*** THE DATA Section Begins ***
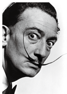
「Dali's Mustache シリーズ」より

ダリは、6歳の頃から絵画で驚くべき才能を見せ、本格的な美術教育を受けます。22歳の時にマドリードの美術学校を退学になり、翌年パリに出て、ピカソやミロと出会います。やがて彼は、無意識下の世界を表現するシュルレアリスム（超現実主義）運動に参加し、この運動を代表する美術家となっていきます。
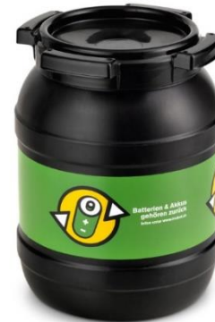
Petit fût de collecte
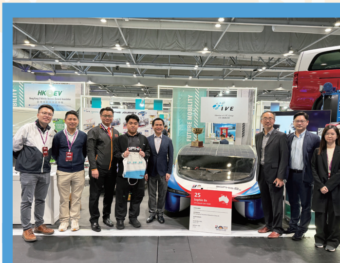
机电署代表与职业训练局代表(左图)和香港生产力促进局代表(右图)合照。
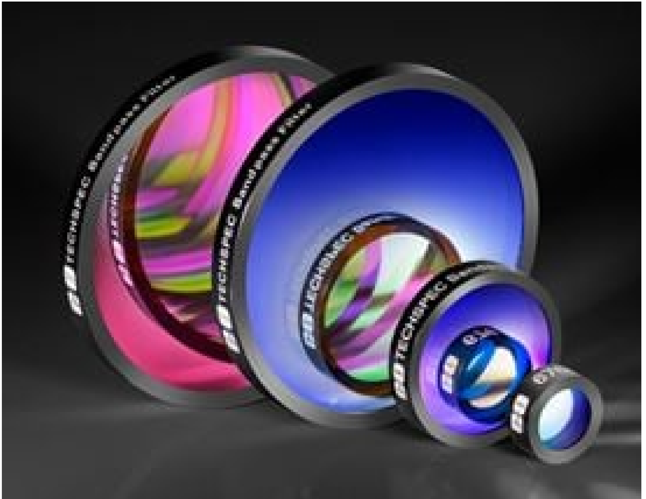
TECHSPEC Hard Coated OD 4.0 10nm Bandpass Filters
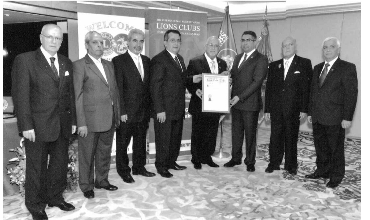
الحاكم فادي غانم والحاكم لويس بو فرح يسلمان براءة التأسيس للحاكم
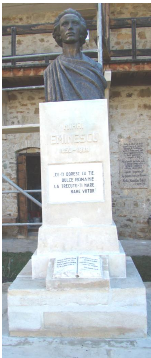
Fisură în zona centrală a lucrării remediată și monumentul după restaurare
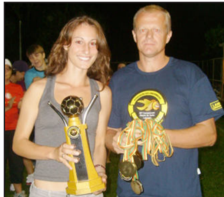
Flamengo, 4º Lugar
*** THE DATA Section Ends ***
*** THE DATA Section Begins ***
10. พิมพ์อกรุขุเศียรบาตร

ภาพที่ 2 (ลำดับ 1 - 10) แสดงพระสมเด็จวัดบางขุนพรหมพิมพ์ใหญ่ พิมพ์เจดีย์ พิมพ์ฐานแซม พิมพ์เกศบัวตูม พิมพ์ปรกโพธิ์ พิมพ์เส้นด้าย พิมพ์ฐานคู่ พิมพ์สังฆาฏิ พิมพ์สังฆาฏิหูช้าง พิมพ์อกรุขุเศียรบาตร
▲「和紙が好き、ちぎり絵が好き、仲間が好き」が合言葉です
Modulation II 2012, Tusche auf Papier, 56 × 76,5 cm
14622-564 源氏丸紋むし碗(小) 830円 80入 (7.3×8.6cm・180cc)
*** THE DATA Section Ends ***
## PROBLEM TO WORK ON
What lines in the entries above hold "ยรบาตร"? Copy every one.

## TASK SOLUTION
10. พิมพ์อกรุขุเศียรบาตร
ภาพที่ 2 (ลำดับ 1 - 10) แสดงพระสมเด็จวัดบางขุนพรหมพิมพ์ใหญ่ พิมพ์เจดีย์ พิมพ์ฐานแซม พิมพ์เกศบัวตูม พิมพ์ปรกโพธิ์ พิมพ์เส้นด้าย พิมพ์ฐานคู่ พิมพ์สังฆาฏิ พิมพ์สังฆาฏิหูช้าง พิมพ์อกรุขุเศียรบาตร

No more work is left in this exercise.